“How Do I Know if I am Traumatized?”

Leaving a massacre site while Guatemala’s civil war wounds were still raw was dangerous. I hadn’t intended to be this involved, but what else could I do? A thousand family community of squatters that I had visited periodically in the months prior had just been massacred by the Guatemalan government, supported by private security forces. 

The August 31st, 2004 Massacre at Nueva Linda, was a foreshadowing event in Guatemalan history. It was the first major sign that the 1996 Peace Accords had crumbled. 

Thrust on me by circumstance, conviction and ignorance of what I was taking on, the documentary I eventually made The Massacre at Nueva Linda became my first journalism project. 

The massacre has also shaped me in ways that I still struggle with. It has become a lifelong, hard-earned, grounding perspective. 

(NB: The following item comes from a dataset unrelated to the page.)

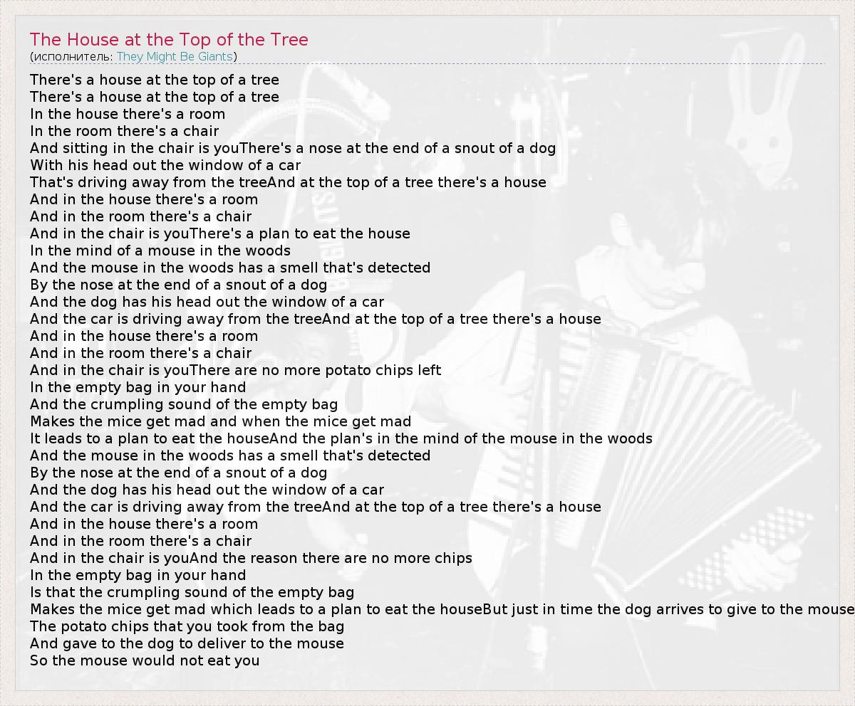 ГлавнаяИсполнителиThey Might Be GiantsThe House at the Top of the Tree
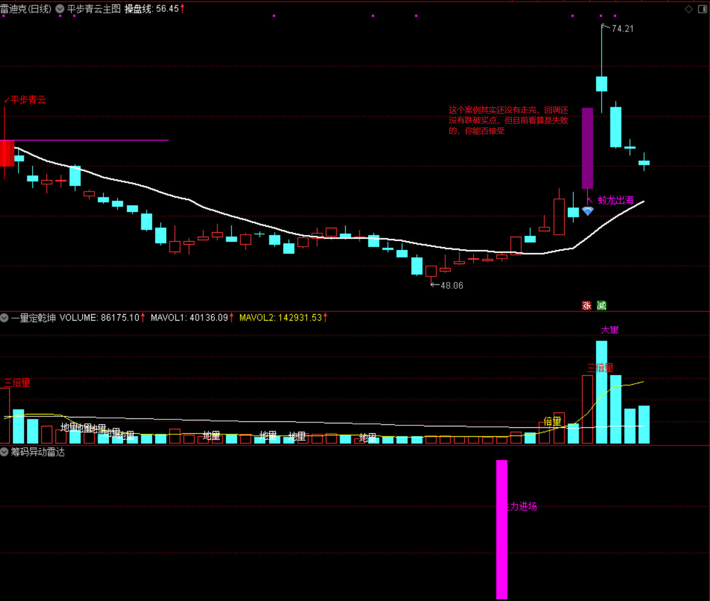 战法要点:1,当日量能是昨日成交量的N倍以上(微微放量);2,当日换手率大于5%;3,当日涨幅在5%以上;4,筹码获利比例大于某个数字【参考信号】;5,突破前方13个交易日高点买入;6,最好前面一段刚出现副图筹码异动雷达“主力进场”信号,或者一次及以上平步青云试盘信号。

The killing of Black people at the hands of police always brings me back to the lessons of state sponsored terror at Nueva Linda. The Murder of George Floyd was no different. Living so close to what was happening really brought me back. 

In the days after the late May uprising, I was sitting with a buddy of mine who recounted what he saw and experienced on the 35W bridge, as a seemingly out of control tanker truck barreled toward protestors. 

As we continued chatting, he asked thoughtfully, “how do I know if I am traumatized?” As someone that is public about my PTSD, it’s a reasonable question from a friend. To my surprise, I had no immediate answer.

I started feeling a sense of urgency while I reflected. I know what PTSD looks like when a smell or sensation brings me back to a foggy, painful memory. I have learned a lot about the way my PTSD has affected my behavior, but I couldn’t answer that simple question. 

I eventually blurted out, “WATCH YOUR HEART RATE.” 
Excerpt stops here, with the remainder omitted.